:: Provided information ::
=====

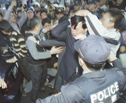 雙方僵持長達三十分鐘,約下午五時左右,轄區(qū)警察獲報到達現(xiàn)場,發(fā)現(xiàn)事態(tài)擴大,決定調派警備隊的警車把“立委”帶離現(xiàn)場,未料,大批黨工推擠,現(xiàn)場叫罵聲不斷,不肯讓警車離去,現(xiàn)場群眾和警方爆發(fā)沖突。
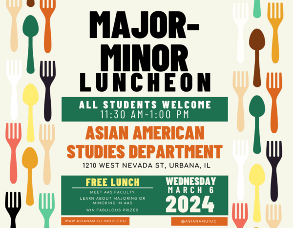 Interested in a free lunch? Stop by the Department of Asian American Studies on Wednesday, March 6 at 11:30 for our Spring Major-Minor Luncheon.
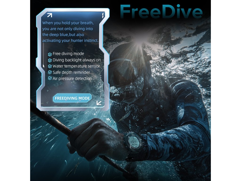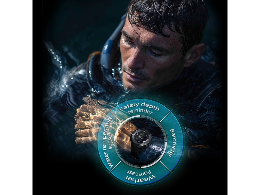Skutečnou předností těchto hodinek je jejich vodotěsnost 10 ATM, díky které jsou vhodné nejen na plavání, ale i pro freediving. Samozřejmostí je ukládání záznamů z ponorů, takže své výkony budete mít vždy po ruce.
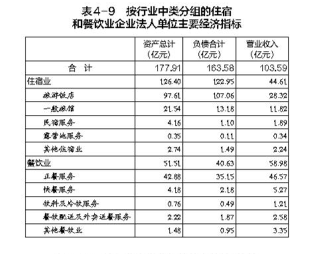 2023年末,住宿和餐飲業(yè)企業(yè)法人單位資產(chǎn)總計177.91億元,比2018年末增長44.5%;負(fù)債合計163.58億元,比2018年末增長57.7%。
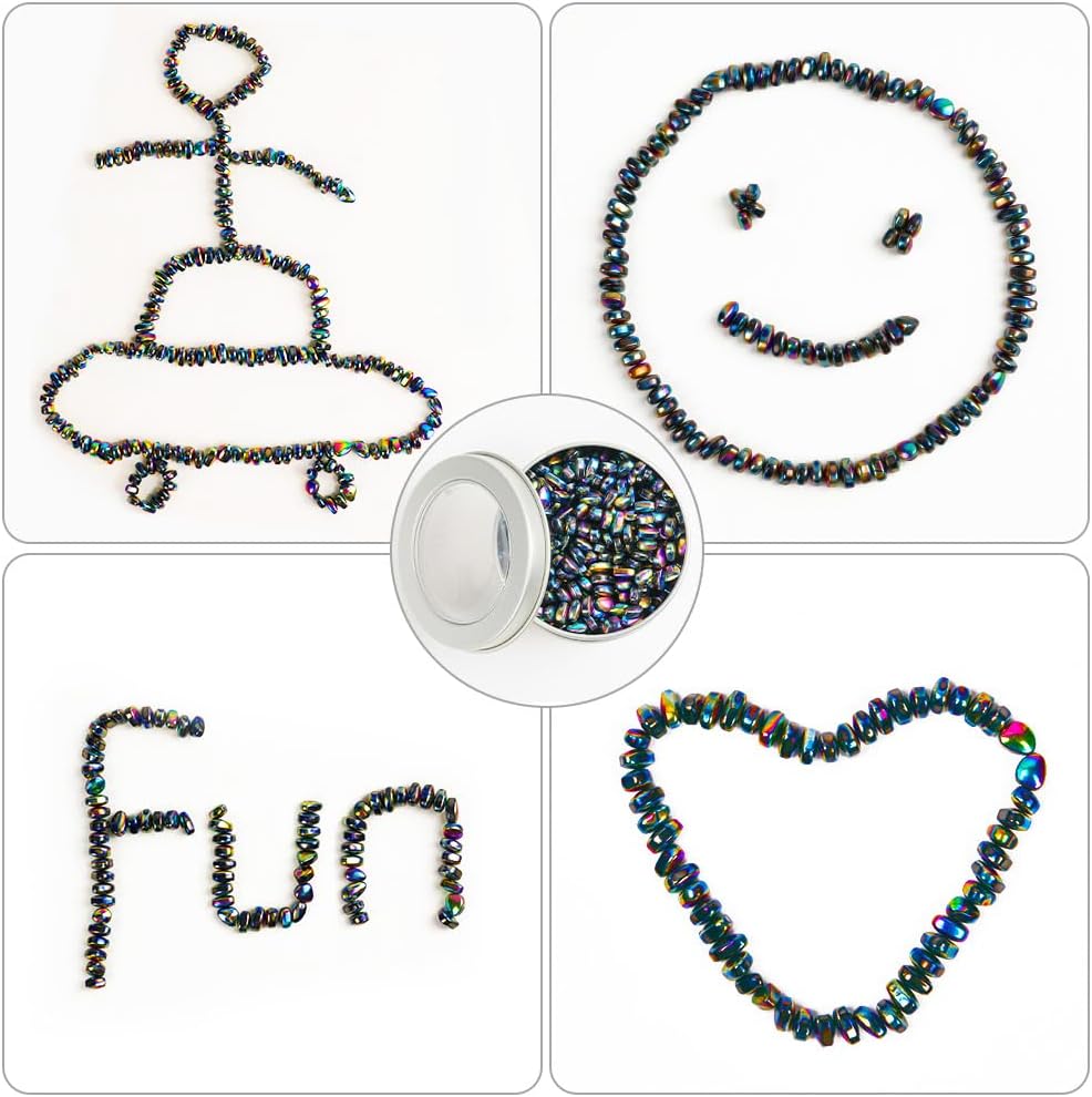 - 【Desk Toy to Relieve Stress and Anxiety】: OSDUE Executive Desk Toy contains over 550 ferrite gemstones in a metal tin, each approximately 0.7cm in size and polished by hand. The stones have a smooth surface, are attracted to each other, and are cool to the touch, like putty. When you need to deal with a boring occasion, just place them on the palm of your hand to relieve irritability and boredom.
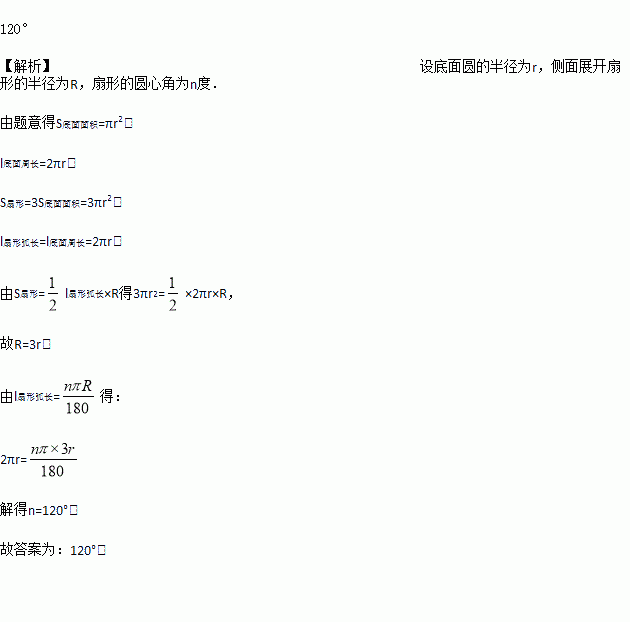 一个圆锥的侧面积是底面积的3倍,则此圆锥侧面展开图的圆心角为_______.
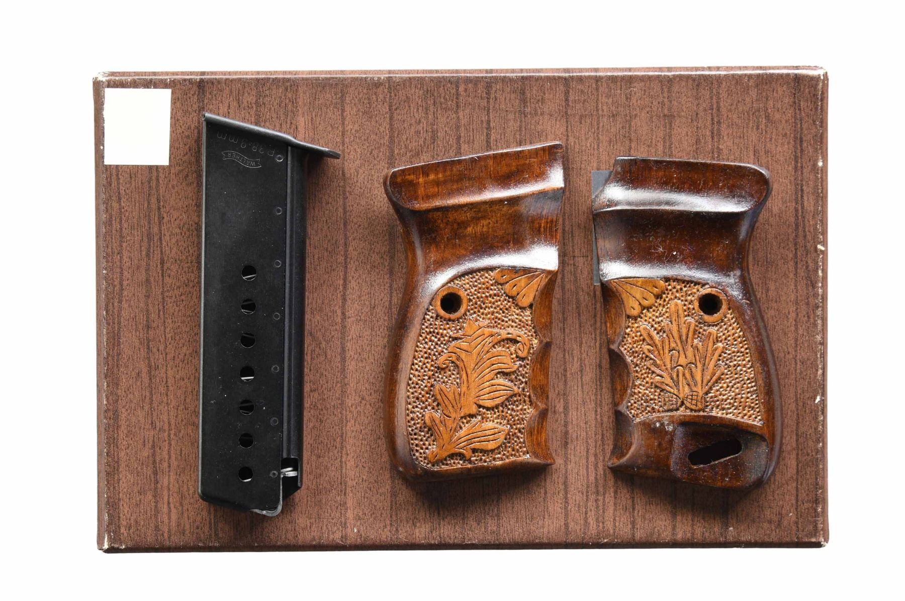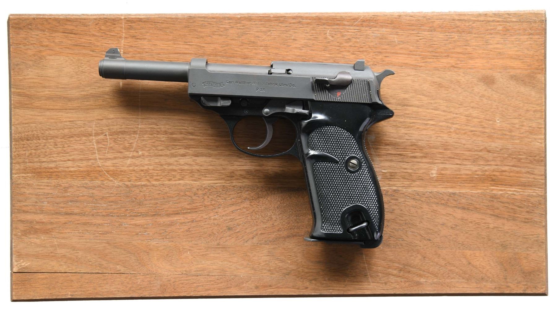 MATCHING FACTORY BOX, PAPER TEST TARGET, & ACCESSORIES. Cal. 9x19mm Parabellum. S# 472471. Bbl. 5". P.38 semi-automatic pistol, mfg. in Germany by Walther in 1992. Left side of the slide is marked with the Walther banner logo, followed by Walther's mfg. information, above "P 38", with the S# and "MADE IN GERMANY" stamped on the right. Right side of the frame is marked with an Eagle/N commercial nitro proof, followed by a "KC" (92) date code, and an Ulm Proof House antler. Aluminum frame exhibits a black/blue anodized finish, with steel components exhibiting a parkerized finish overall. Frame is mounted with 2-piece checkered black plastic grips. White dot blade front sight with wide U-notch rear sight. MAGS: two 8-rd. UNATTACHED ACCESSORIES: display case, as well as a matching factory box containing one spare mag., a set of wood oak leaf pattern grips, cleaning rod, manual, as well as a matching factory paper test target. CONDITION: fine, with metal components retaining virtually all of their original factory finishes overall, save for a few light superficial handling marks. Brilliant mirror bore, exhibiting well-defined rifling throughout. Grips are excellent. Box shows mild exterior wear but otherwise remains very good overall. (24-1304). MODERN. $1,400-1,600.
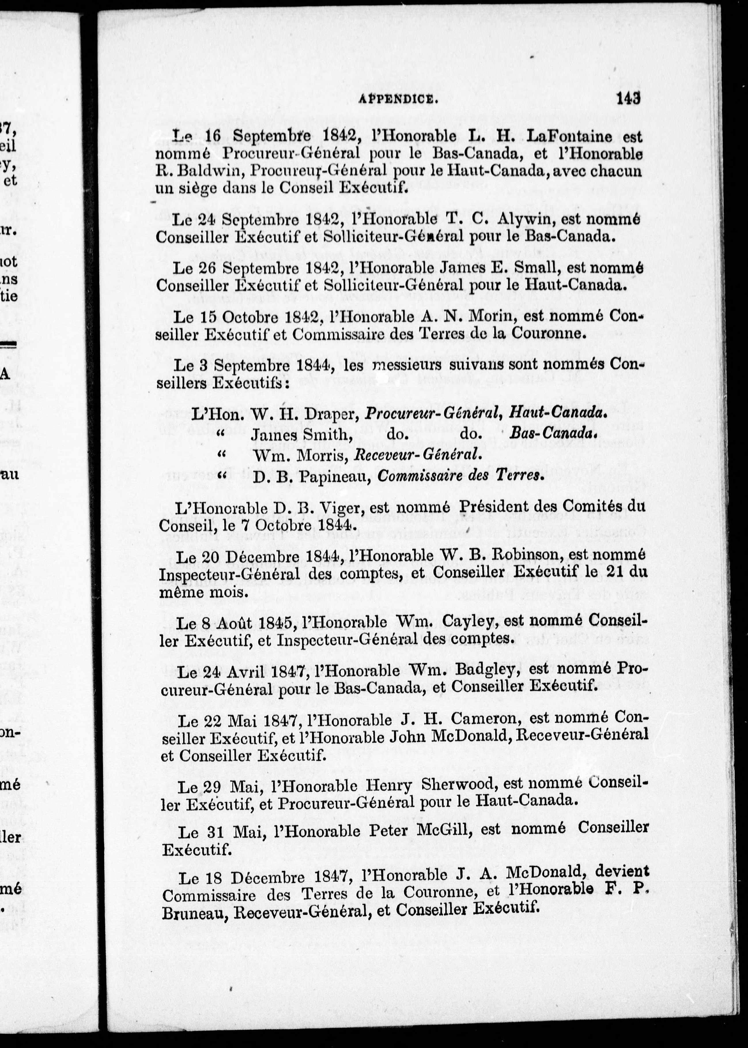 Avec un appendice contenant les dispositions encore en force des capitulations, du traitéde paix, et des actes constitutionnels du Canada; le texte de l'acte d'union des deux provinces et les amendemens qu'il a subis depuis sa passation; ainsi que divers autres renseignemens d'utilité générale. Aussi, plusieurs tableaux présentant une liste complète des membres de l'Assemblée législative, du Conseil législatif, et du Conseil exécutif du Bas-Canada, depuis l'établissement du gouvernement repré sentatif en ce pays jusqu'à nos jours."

=====

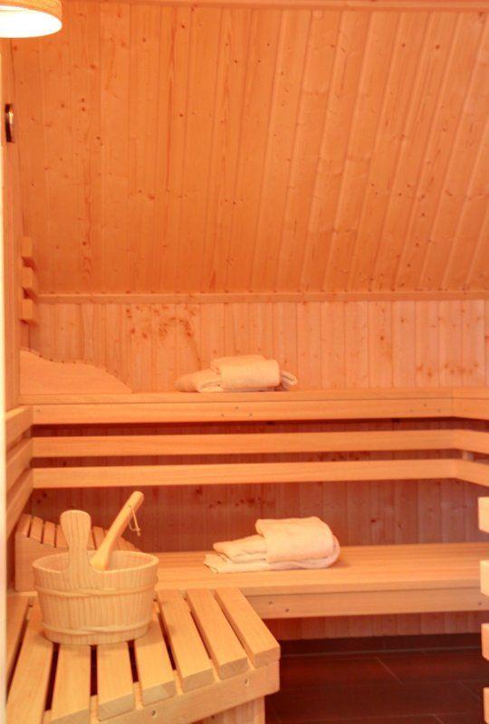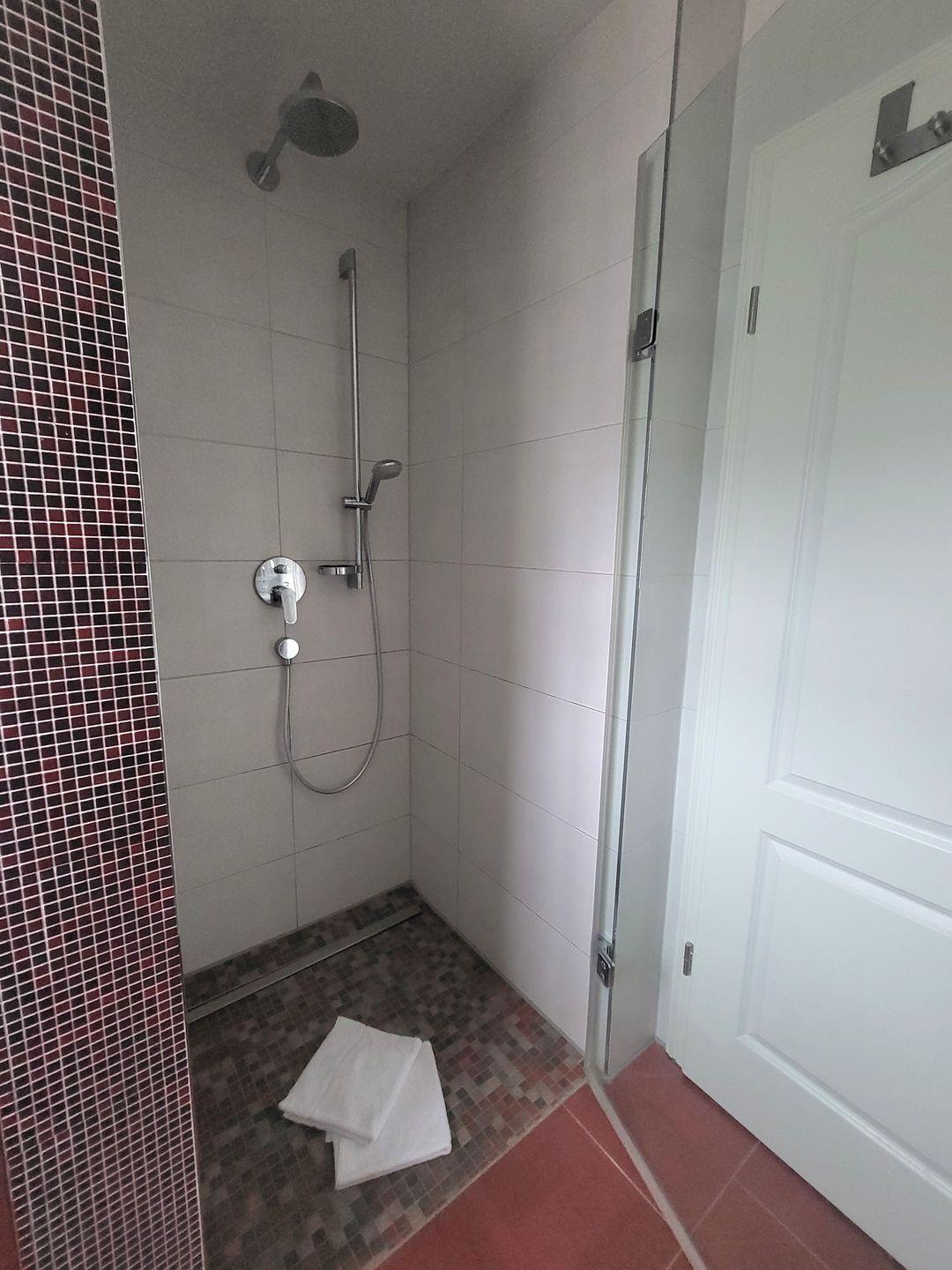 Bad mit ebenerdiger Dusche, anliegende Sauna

=====

:: Work item ::
Using the records above, print exactly the run of lines that starts with the line with "Interested in a" and goes on through the line with "一个圆锥的侧面积是底面积的3倍,则此圆锥侧面展开图的圆心角为_______.", pictures excluded.

:: Task solution ::
 Interested in a free lunch? Stop by the Department of Asian American Studies on Wednesday, March 6 at 11:30 for our Spring Major-Minor Luncheon.
Skutečnou předností těchto hodinek je jejich vodotěsnost 10 ATM, díky které jsou vhodné nejen na plavání, ale i pro freediving. Samozřejmostí je ukládání záznamů z ponorů, takže své výkony budete mít vždy po ruce.
 2023年末,住宿和餐飲業(yè)企業(yè)法人單位資產(chǎn)總計177.91億元,比2018年末增長44.5%;負(fù)債合計163.58億元,比2018年末增長57.7%。
 - 【Desk Toy to Relieve Stress and Anxiety】: OSDUE Executive Desk Toy contains over 550 ferrite gemstones in a metal tin, each approximately 0.7cm in size and polished by hand. The stones have a smooth surface, are attracted to each other, and are cool to the touch, like putty. When you need to deal with a boring occasion, just place them on the palm of your hand to relieve irritability and boredom.
 一个圆锥的侧面积是底面积的3倍,则此圆锥侧面展开图的圆心角为_______.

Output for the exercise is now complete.